Secretary of State John Kerry argued that America cannot continue to preach equality to the world while refusing to take action at home.
“It’s about fairness and respect for our employees, but it’s also about showing the world we mean what we say and say what we mean,” Kerry said in a statement to The Washington Post. “It’s tough to tell other countries to provide equal opportunity if we’re not living that out ourselves.” No other Secretary of State has made LGBT this important of a priority.
Earlier this year, Kerry even went so far as to publicly state that the U.S. needs more gay, lesbian, bisexual, and transgender ambassadors. “I’m working hard to ensure that by the end of my tenure, we will have lesbian, bisexual, and transgender ambassadors in our ranks as well,” Kerry reaffirmed at a GLIFAA (formerly Gays and Lesbians in Foreign Affairs Agencies) event at the State Department in June.

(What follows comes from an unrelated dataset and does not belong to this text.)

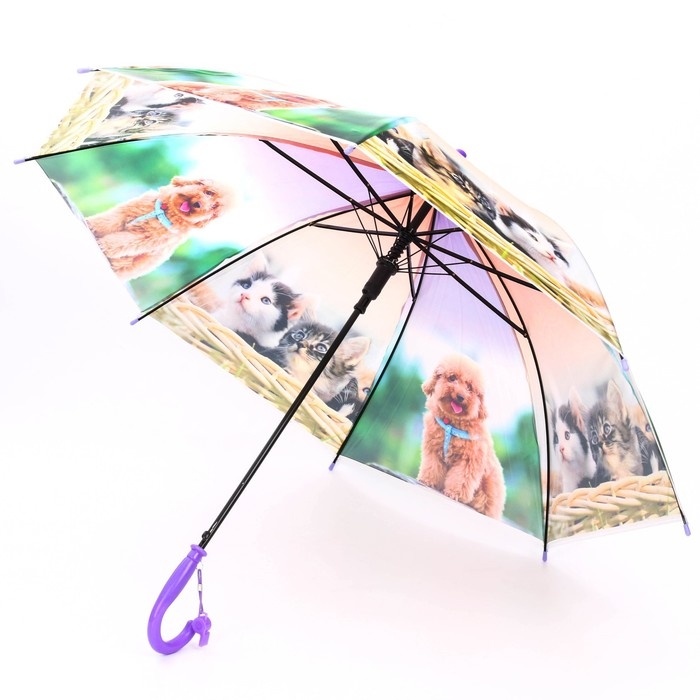 Зонт детский полуавтоматический «Милые зверюшки», r=41см, со свистком, цвет МИКС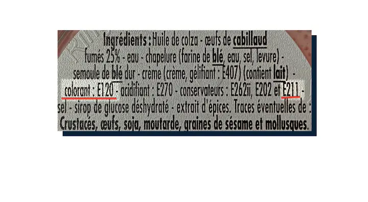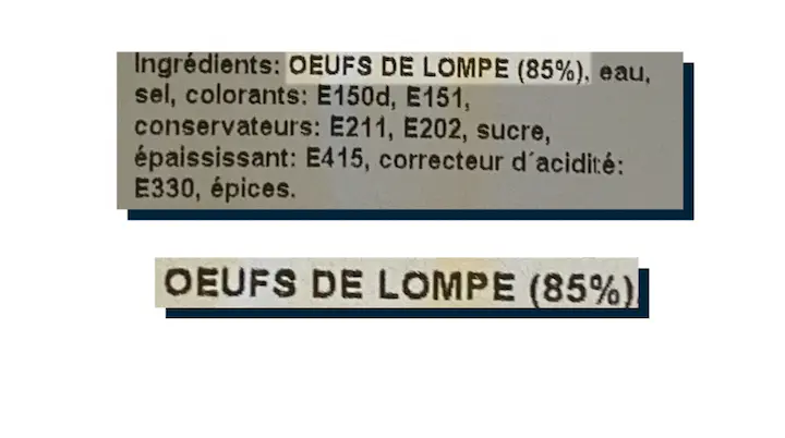 A l’origine, les œufs sont gris, il est donc très étonnant que les industriels y mettent de la couleur. Dans ce cas, il faut préférer les œufs de truite ou de saumon Landvika dans lesquels il y a juste des œufs de poissons et du sel.

GLIFAA represents LGBT employees at the State Department, and the organization applauded the recent decision by OPM and AFSPA to push for equality.
According to AFSPA executive Paula S. Jakub, her association has been working hard for two whole years to provide equal opportunity for the transgendered, collaborating with the Office of Personnel Management (OPM). But while the OPM assented, it did not mandate that other health insurance companies follow suit with AFSPA, and so, for reformers, the struggle is not yet complete.